• To do:
Retype the listing exactly as it stands, and keep every image out.

• Material provided:
+--
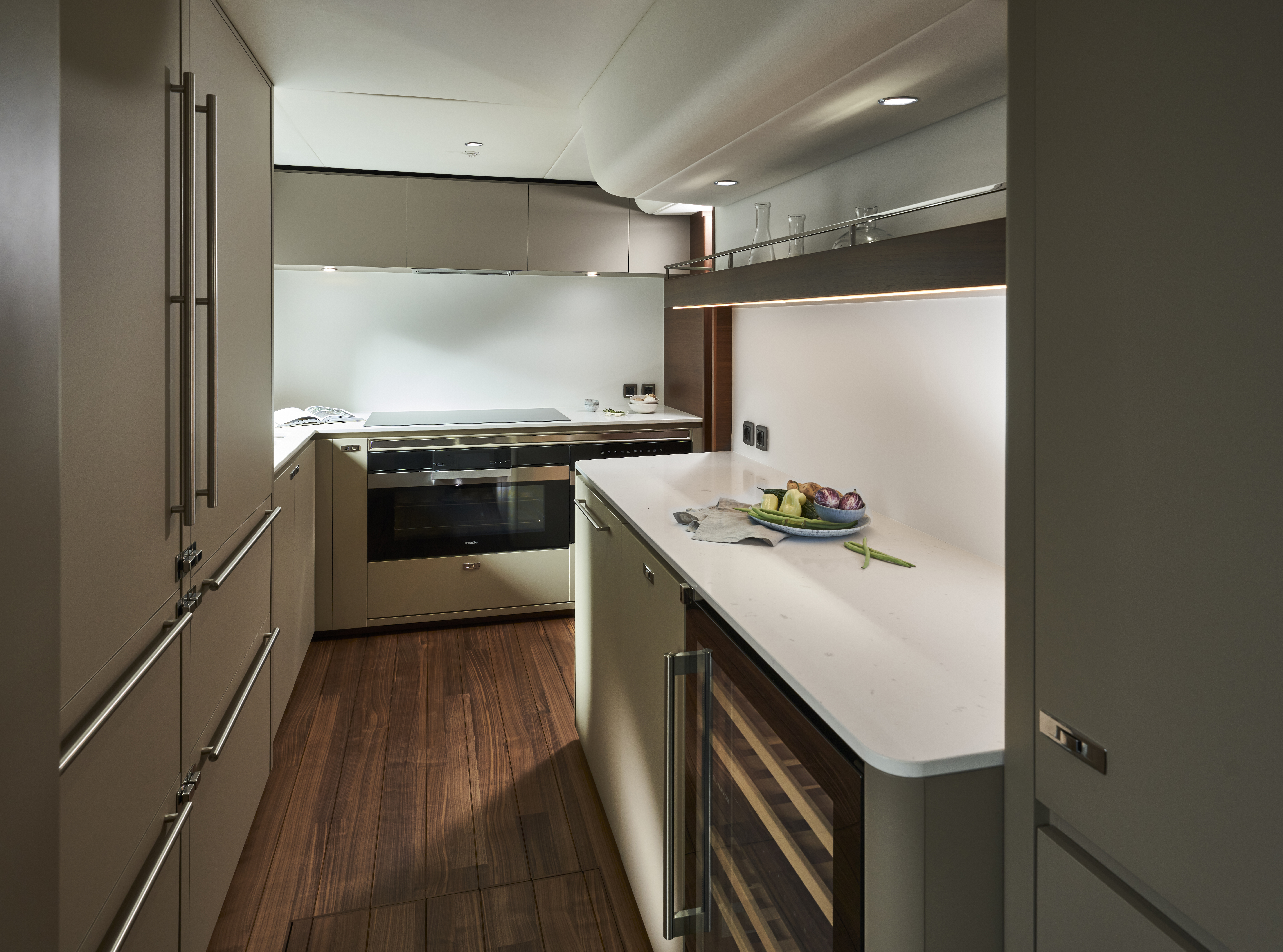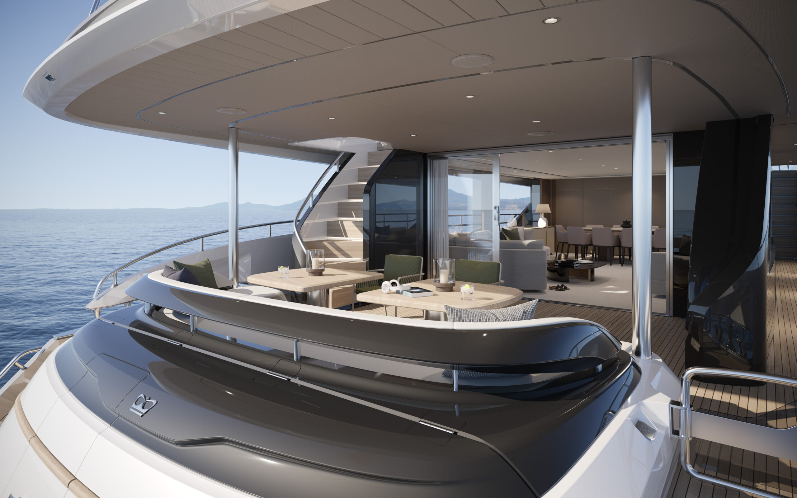 Featuring a spacious garage, transformer bathing platform, and the option of a beach club, your time on the water is guaranteed to be maximally enjoyable. The yacht’s exterior design showcases the longest and most expansive hull windows ever seen on a Princess yacht, while the indoor and outdoor living spaces rival those of larger yachts.
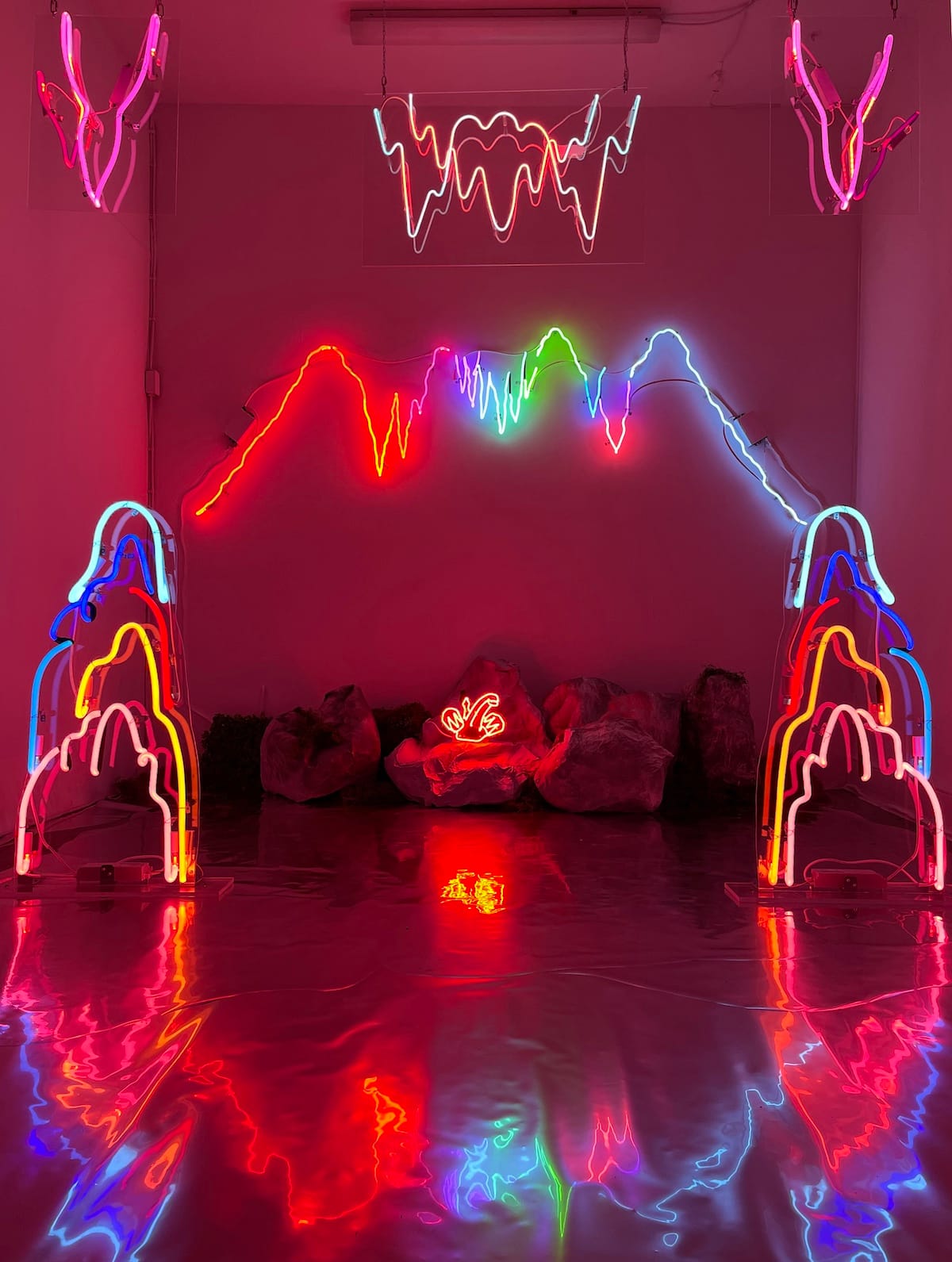 Neon is an unmistakable symbol of 20th-century urban life. With Electric Caverns, Alissa Eberle takes a cue from artists like Dan Flavin, who turned to neon as a medium, and the landscape tradition in art. Eberle’s colorful neon installation combines the human-made and natural worlds to create a surprisingly charming landscape.
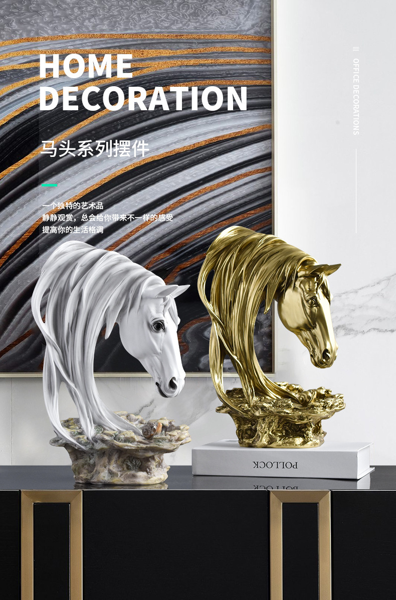 현대 미술 말 머리 수지 공예 조각 홈 입구 흰색 동물 대형 사무실 장식
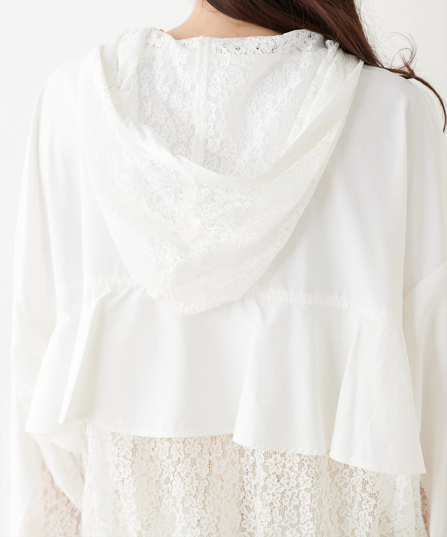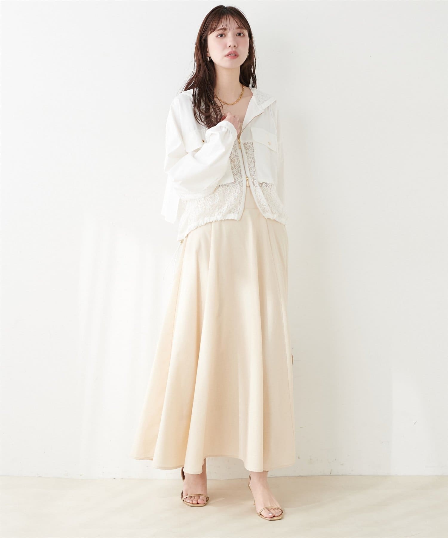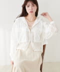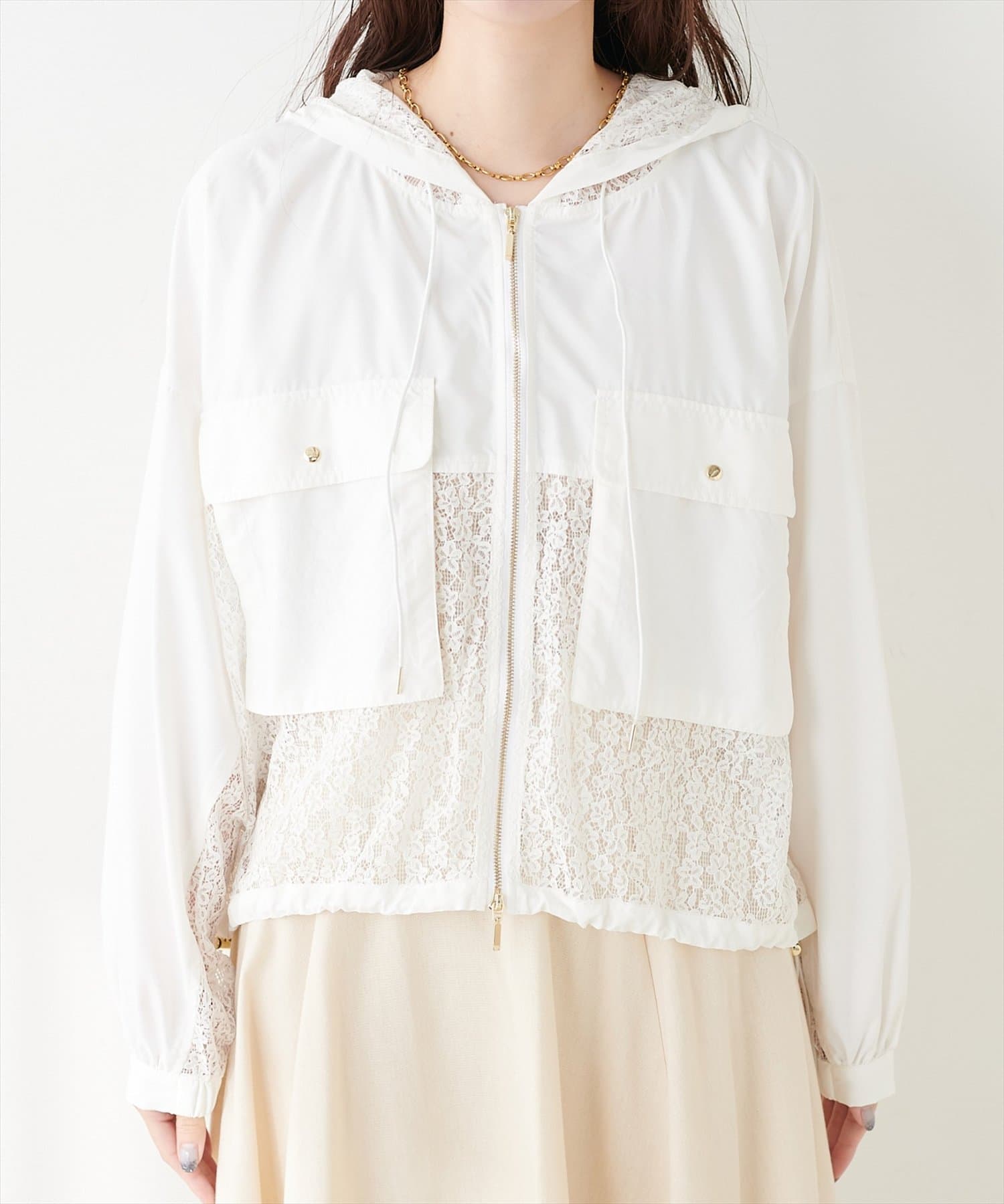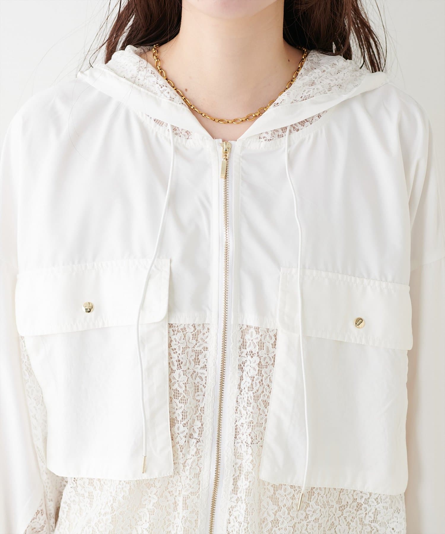 ブルゾンの持つラフな雰囲気と、レースの持つエレガントさが調和し、
+--
• Written solution:
 Featuring a spacious garage, transformer bathing platform, and the option of a beach club, your time on the water is guaranteed to be maximally enjoyable. The yacht’s exterior design showcases the longest and most expansive hull windows ever seen on a Princess yacht, while the indoor and outdoor living spaces rival those of larger yachts.
 Neon is an unmistakable symbol of 20th-century urban life. With Electric Caverns, Alissa Eberle takes a cue from artists like Dan Flavin, who turned to neon as a medium, and the landscape tradition in art. Eberle’s colorful neon installation combines the human-made and natural worlds to create a surprisingly charming landscape.
 현대 미술 말 머리 수지 공예 조각 홈 입구 흰색 동물 대형 사무실 장식
 ブルゾンの持つラフな雰囲気と、レースの持つエレガントさが調和し、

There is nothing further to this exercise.